## Dataset entries:
* * * * *
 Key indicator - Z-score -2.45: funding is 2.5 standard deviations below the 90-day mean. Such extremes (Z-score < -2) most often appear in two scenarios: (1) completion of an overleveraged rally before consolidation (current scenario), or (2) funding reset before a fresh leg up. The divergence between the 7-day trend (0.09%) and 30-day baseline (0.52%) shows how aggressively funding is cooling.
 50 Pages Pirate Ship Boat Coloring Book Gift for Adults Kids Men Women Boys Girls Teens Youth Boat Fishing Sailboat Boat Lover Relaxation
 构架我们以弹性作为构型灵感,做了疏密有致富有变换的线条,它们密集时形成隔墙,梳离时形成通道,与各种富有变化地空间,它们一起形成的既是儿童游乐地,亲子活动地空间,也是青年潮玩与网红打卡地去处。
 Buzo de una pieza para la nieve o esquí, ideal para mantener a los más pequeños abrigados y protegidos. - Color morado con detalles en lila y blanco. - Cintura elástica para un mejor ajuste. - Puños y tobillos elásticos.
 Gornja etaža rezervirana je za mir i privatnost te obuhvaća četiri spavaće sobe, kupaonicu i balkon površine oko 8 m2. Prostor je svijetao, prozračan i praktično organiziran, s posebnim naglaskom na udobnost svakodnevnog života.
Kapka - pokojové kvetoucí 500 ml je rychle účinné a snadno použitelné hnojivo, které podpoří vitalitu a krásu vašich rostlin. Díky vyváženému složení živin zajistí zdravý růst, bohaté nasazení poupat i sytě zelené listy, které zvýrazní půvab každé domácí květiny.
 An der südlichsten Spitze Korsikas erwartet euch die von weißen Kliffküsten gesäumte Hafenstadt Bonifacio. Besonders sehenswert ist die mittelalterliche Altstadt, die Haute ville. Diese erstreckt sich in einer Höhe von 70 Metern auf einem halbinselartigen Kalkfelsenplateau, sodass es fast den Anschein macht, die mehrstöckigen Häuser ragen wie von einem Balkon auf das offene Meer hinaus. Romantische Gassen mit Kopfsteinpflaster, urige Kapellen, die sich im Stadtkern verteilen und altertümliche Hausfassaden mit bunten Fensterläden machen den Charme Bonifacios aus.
* * * * *
## REQUIRED WORK:
Among the entries above, locate the lines containing "50 Pages Pirate" and "构架我们以弹性作为构型灵感,做了疏密有致", and transcribe exactly those two lines and all lines between.

## TASK RESULT:
 50 Pages Pirate Ship Boat Coloring Book Gift for Adults Kids Men Women Boys Girls Teens Youth Boat Fishing Sailboat Boat Lover Relaxation
 构架我们以弹性作为构型灵感,做了疏密有致富有变换的线条,它们密集时形成隔墙,梳离时形成通道,与各种富有变化地空间,它们一起形成的既是儿童游乐地,亲子活动地空间,也是青年潮玩与网红打卡地去处。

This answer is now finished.